[[ Exercise input open ]]

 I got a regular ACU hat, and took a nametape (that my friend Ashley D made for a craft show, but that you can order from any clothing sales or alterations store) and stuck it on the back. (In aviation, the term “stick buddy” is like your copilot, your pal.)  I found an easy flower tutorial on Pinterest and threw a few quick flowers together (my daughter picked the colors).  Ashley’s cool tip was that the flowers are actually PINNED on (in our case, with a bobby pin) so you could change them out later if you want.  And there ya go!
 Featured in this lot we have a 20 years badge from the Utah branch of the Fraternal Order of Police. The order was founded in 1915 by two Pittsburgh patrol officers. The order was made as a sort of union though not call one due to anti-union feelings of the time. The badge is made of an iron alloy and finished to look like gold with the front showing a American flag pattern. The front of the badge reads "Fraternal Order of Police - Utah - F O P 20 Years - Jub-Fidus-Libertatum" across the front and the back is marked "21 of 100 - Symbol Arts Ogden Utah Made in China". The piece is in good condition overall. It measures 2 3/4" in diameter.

[[ Exercise input closed ]]
[[ Exercise input open ]]

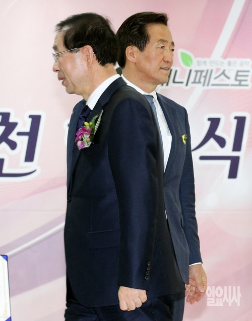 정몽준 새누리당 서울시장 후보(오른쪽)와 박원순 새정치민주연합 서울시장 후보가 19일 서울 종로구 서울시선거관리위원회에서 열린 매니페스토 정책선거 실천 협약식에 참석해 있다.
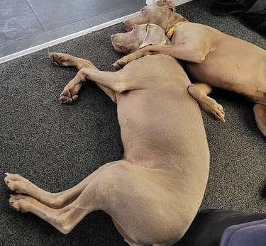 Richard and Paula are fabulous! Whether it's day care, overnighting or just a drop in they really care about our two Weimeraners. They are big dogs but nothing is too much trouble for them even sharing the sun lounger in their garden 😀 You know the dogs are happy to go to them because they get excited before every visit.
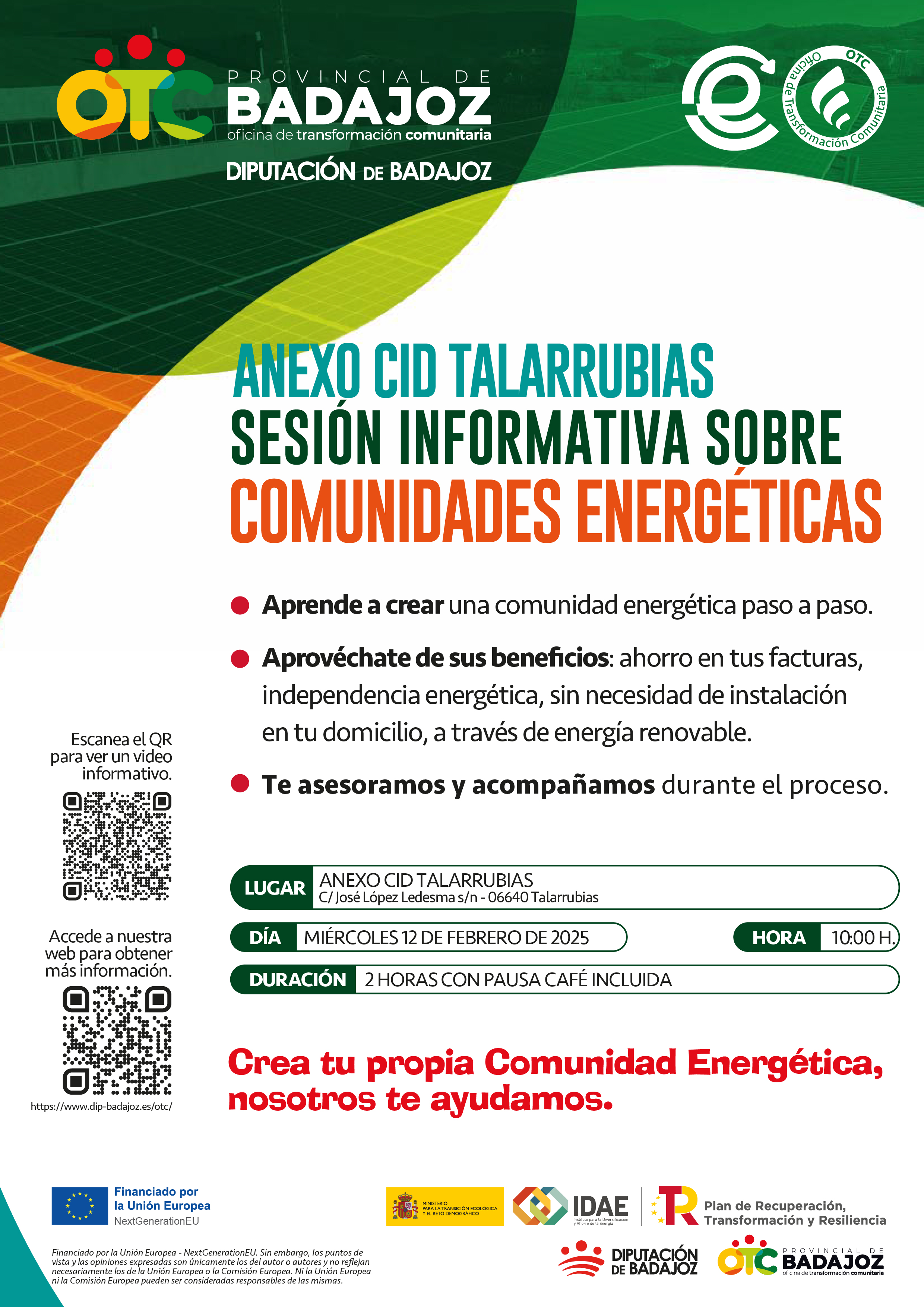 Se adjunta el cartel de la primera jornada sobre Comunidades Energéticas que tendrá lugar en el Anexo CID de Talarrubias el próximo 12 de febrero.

[[ Exercise input closed ]]

• Task instructions: Retype exactly the lines above, from the one with "I got a regular" through the one with "Featured in this", inclusive.

• Solved exercise:
 I got a regular ACU hat, and took a nametape (that my friend Ashley D made for a craft show, but that you can order from any clothing sales or alterations store) and stuck it on the back. (In aviation, the term “stick buddy” is like your copilot, your pal.)  I found an easy flower tutorial on Pinterest and threw a few quick flowers together (my daughter picked the colors).  Ashley’s cool tip was that the flowers are actually PINNED on (in our case, with a bobby pin) so you could change them out later if you want.  And there ya go!
 Featured in this lot we have a 20 years badge from the Utah branch of the Fraternal Order of Police. The order was founded in 1915 by two Pittsburgh patrol officers. The order was made as a sort of union though not call one due to anti-union feelings of the time. The badge is made of an iron alloy and finished to look like gold with the front showing a American flag pattern. The front of the badge reads "Fraternal Order of Police - Utah - F O P 20 Years - Jub-Fidus-Libertatum" across the front and the back is marked "21 of 100 - Symbol Arts Ogden Utah Made in China". The piece is in good condition overall. It measures 2 3/4" in diameter.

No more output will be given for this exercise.